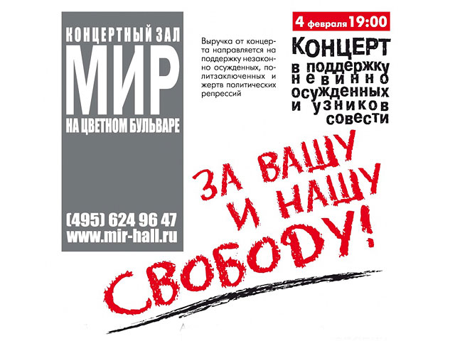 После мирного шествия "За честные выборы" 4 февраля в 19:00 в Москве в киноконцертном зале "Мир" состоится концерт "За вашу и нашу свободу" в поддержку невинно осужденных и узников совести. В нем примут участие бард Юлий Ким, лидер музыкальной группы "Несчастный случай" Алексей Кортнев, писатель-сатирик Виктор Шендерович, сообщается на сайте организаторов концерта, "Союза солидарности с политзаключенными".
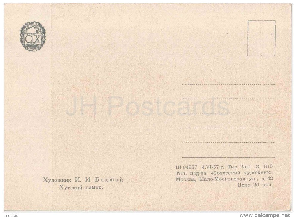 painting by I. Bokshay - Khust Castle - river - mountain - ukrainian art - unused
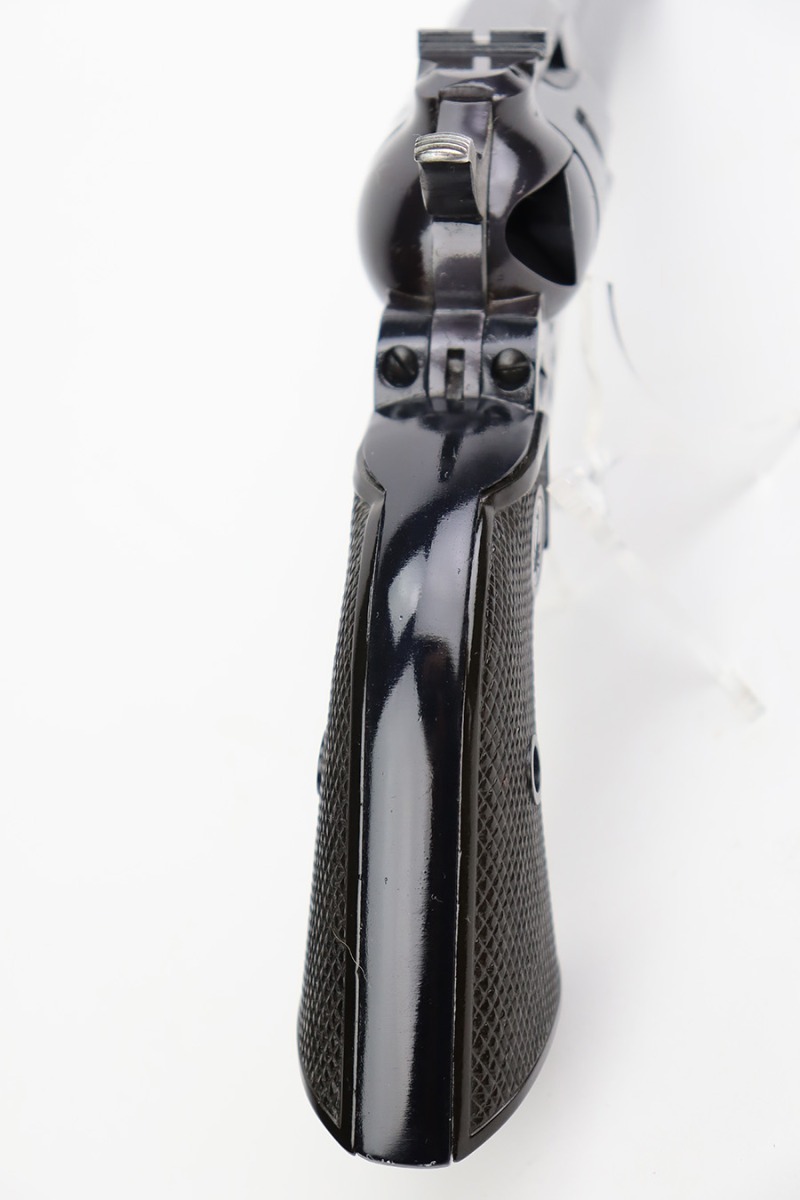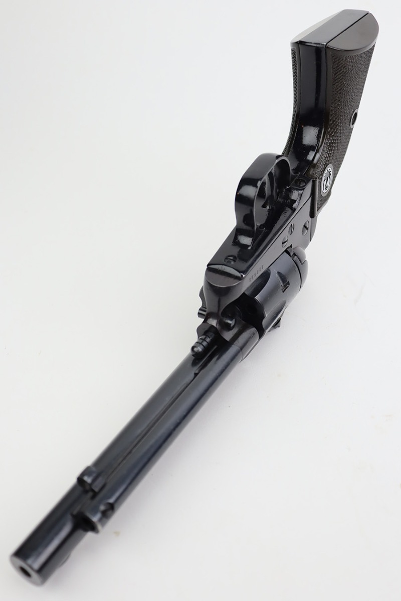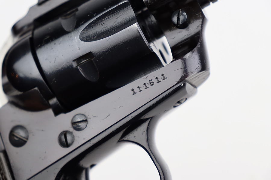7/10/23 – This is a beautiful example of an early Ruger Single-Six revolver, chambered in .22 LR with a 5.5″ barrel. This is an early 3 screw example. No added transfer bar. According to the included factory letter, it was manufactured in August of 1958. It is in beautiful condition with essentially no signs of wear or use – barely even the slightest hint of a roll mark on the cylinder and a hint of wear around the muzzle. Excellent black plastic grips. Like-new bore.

____

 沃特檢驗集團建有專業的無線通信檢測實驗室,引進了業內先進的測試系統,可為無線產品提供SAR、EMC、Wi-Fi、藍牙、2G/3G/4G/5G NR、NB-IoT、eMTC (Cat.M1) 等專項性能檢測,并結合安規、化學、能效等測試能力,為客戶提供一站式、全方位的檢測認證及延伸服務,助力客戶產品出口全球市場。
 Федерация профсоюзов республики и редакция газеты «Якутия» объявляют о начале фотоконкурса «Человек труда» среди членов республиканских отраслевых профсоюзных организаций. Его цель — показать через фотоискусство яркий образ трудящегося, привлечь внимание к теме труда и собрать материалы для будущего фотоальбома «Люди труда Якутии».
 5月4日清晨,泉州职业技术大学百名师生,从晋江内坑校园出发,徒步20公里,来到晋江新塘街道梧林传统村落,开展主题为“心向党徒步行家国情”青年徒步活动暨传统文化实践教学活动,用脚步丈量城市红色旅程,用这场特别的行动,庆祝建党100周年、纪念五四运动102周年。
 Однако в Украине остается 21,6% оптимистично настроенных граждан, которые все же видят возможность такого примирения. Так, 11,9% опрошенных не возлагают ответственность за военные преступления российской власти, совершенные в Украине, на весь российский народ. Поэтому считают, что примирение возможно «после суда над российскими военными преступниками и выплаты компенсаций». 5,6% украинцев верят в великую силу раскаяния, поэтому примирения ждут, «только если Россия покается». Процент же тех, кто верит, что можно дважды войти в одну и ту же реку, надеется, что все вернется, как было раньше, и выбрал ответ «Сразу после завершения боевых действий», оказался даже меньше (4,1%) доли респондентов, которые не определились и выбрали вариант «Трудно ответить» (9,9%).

____

Your instructions
Give back, exactly and without pictures, the stretch of the records above from the line containing "После мирного шествия" through the line containing "7/10/23 – This", with both end lines included.

Result
 После мирного шествия "За честные выборы" 4 февраля в 19:00 в Москве в киноконцертном зале "Мир" состоится концерт "За вашу и нашу свободу" в поддержку невинно осужденных и узников совести. В нем примут участие бард Юлий Ким, лидер музыкальной группы "Несчастный случай" Алексей Кортнев, писатель-сатирик Виктор Шендерович, сообщается на сайте организаторов концерта, "Союза солидарности с политзаключенными".
 painting by I. Bokshay - Khust Castle - river - mountain - ukrainian art - unused
7/10/23 – This is a beautiful example of an early Ruger Single-Six revolver, chambered in .22 LR with a 5.5″ barrel. This is an early 3 screw example. No added transfer bar. According to the included factory letter, it was manufactured in August of 1958. It is in beautiful condition with essentially no signs of wear or use – barely even the slightest hint of a roll mark on the cylinder and a hint of wear around the muzzle. Excellent black plastic grips. Like-new bore.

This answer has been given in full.